When there are misunderstandings, the main goal is to find a solution, not to win. How to find it? The most reliable way is to look for leadership and apply it. The initiative in this should be shown before men. Instead of immediately expressing your categorical view of the problem, why don’t you look at her from your wife’s point of view? Urgently try to take care not only about your interests, but also about your spouse’s interests.
When the thoughts and actions of a person begin to control the affected feelings and uncontrolled emotions, the situation is only more complicated. However, the willingness to change leads to the world and consent, and also brings a blessing
Without a doubt, everyone needs to learn peacefully, to settle misunderstandings, even if you have to give up their own preferences for this. Of course, sometimes you will say what you will regret. In such cases, ask for forgiveness. Do not give up. And over time, you and your marital partner will probably become easier to settle a misunderstanding.
Today there is a lot of what can make tension into family relationships. Some men do not take responsibility. Some women refuse to recognize her husband’s leadership. There are spouses in which one partner experiences violence from another. In addition, economic problems, human imperfection and the spirit of the world with its immorality and distorted values may be devoted.

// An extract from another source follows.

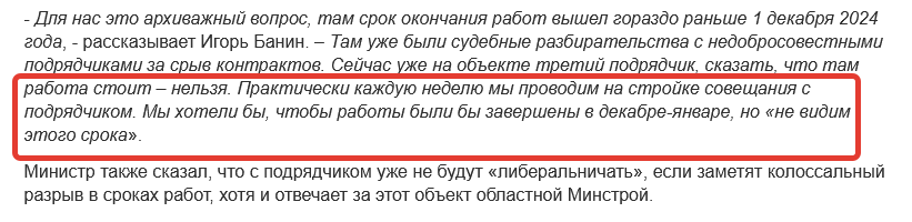 скриншот из публикации "Блокнота", по словам министра, чиновники практически каждую неделю проводили совещания с подрядчиком. Однако ни одного акта выполненных работ - так и не было подписано заказчиком. О чем тогда можно было совещаться?
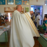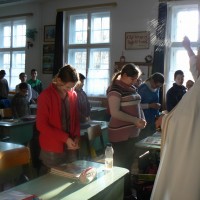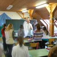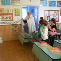 A szentmise után a plébános atya iskolánk osztálytermeit és tanári szobáját végigjárva minden osztályt megszentelt, majd felírta iskolánk ajtajára a 20 + G + M + B + 14 betűket, jelezve, hogy mikor volt utoljára megszentelve iskolánk.

In addition, women have a remarkable ability to give birth to children, and in our imperishable state, this causes them great physical suffering. Women of childbearing age can regularly experience physical inconvenience. Of course, they need special care and attention when such inconvenience demolition and when they experience the exhausting period of pregnancy and the birth of a child. A husband who shows an honor to his wife and understands what support she needs greatly contributes to happiness in her marriage.
Three steps to help prevent the dispute
Listen to your spouse;
Respect him // her words with love;
What can you do now
Put the following questions to your marital partner and, without interrupting it, listen to the answers. Then, he can do the same.
Do I have a tendency to disputes?
Or I listen to you when you put it, or I answer immediately without allowing you to finish?
Do you feel in my words indifference or anger?
What can we do to improve the manner of communication, especially when there is a different look at the problem?